TASK BRIEF
Nothing but the pictures should be dropped; repeat the rest of the data below exactly.

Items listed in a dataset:
※
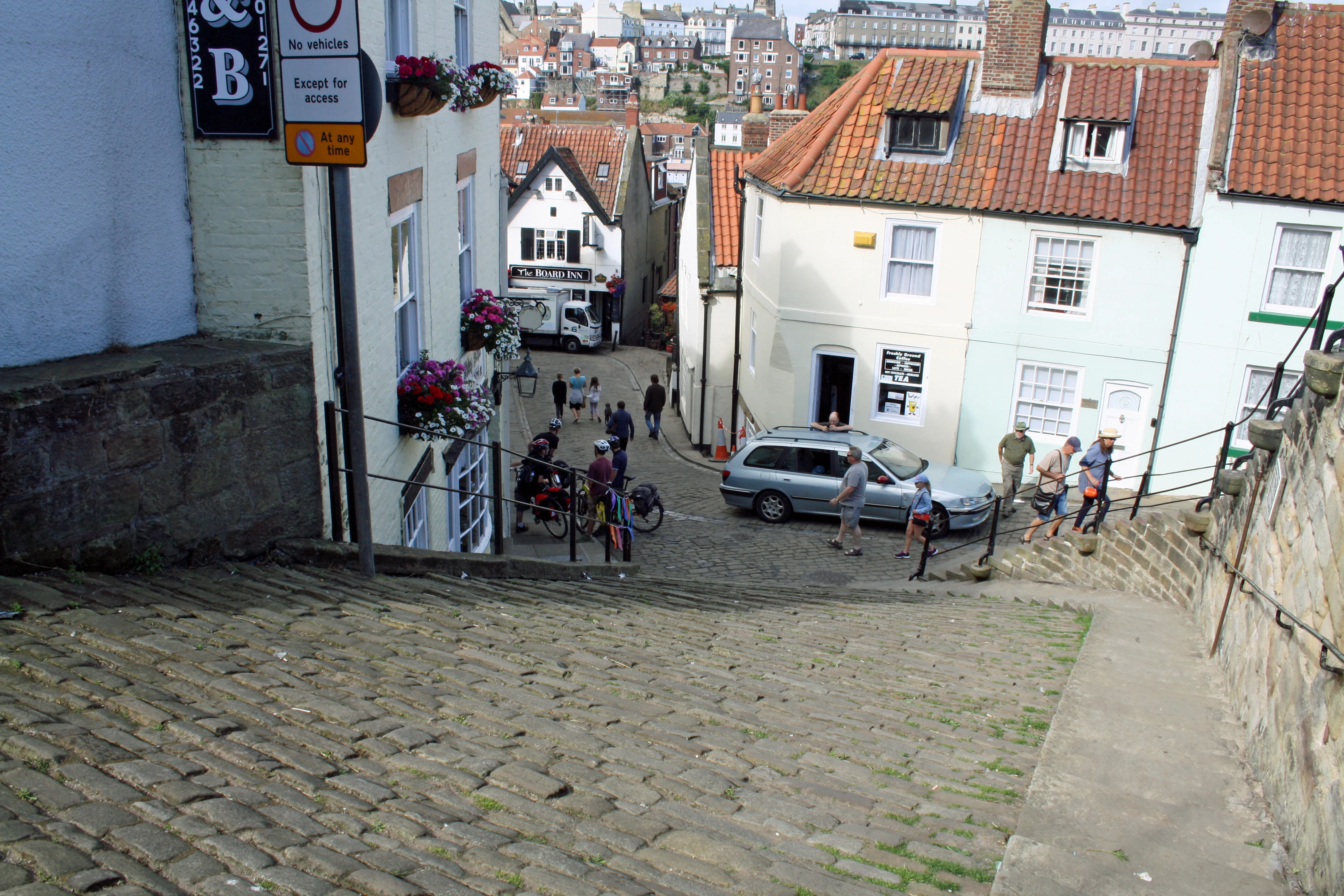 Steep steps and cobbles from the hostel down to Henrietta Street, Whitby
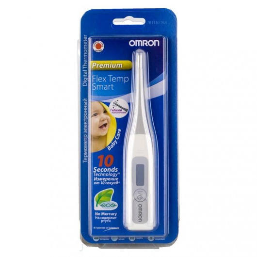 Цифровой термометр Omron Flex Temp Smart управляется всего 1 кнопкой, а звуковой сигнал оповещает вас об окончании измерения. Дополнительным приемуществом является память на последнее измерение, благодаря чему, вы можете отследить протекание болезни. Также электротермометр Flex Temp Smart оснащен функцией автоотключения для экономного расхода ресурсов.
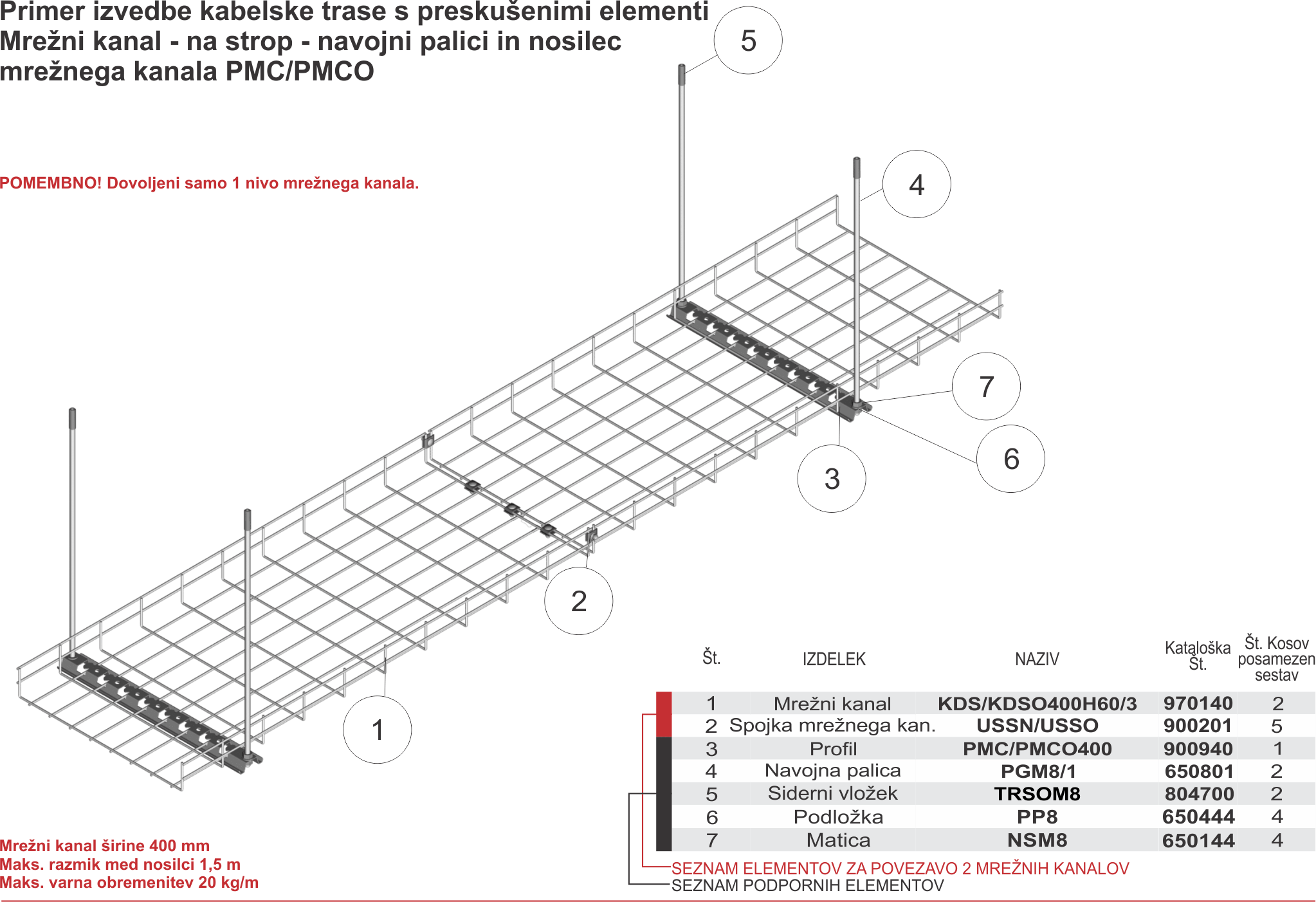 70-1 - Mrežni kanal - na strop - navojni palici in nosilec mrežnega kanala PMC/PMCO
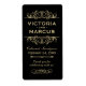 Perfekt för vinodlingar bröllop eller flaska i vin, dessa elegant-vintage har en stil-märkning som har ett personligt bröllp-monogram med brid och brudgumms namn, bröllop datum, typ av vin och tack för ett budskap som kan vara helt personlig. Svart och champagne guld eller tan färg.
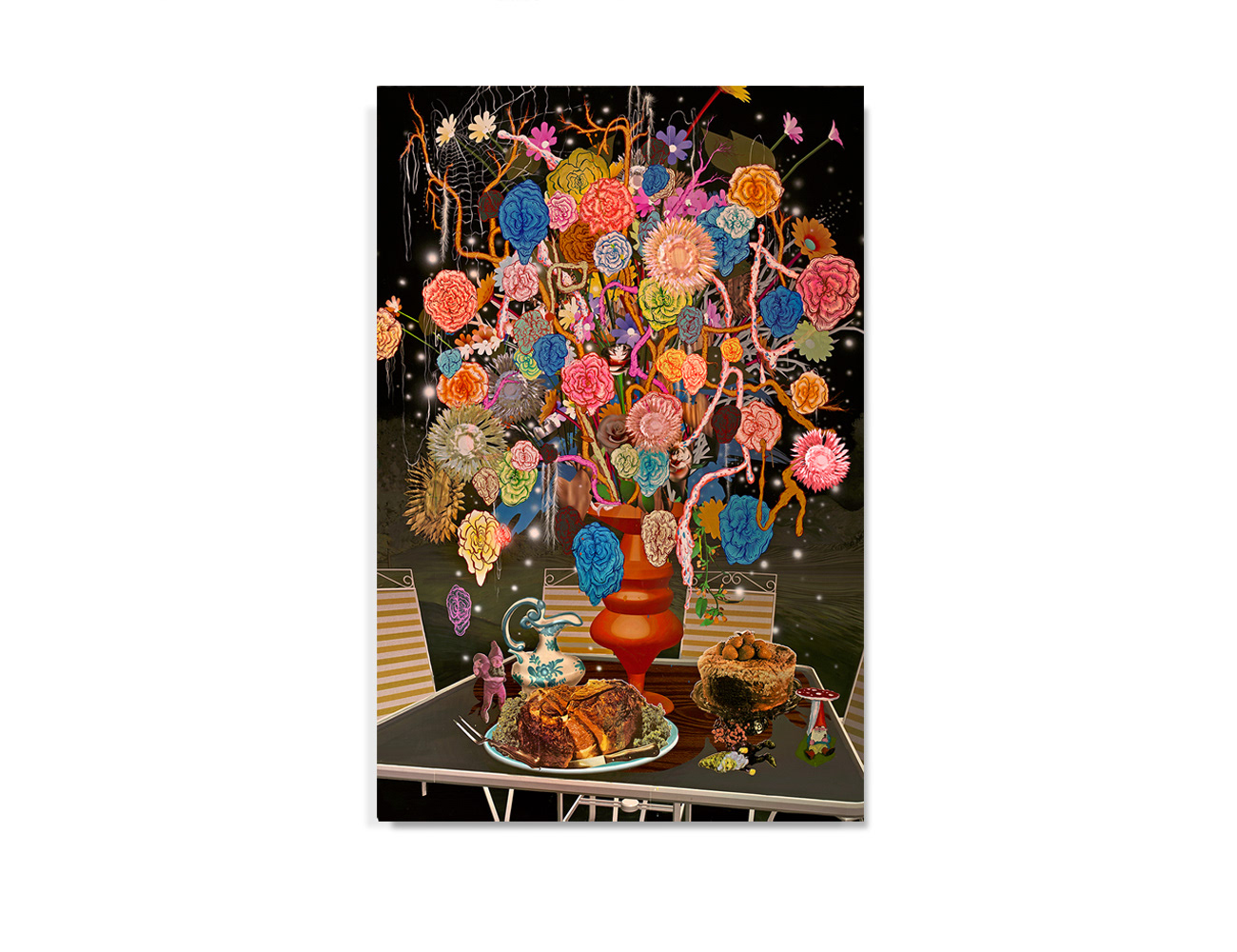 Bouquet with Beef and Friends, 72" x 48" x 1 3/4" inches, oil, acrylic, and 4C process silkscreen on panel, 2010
※
RESPONSE
 Steep steps and cobbles from the hostel down to Henrietta Street, Whitby
 Цифровой термометр Omron Flex Temp Smart управляется всего 1 кнопкой, а звуковой сигнал оповещает вас об окончании измерения. Дополнительным приемуществом является память на последнее измерение, благодаря чему, вы можете отследить протекание болезни. Также электротермометр Flex Temp Smart оснащен функцией автоотключения для экономного расхода ресурсов.
 70-1 - Mrežni kanal - na strop - navojni palici in nosilec mrežnega kanala PMC/PMCO
 Perfekt för vinodlingar bröllop eller flaska i vin, dessa elegant-vintage har en stil-märkning som har ett personligt bröllp-monogram med brid och brudgumms namn, bröllop datum, typ av vin och tack för ett budskap som kan vara helt personlig. Svart och champagne guld eller tan färg.
 Bouquet with Beef and Friends, 72" x 48" x 1 3/4" inches, oil, acrylic, and 4C process silkscreen on panel, 2010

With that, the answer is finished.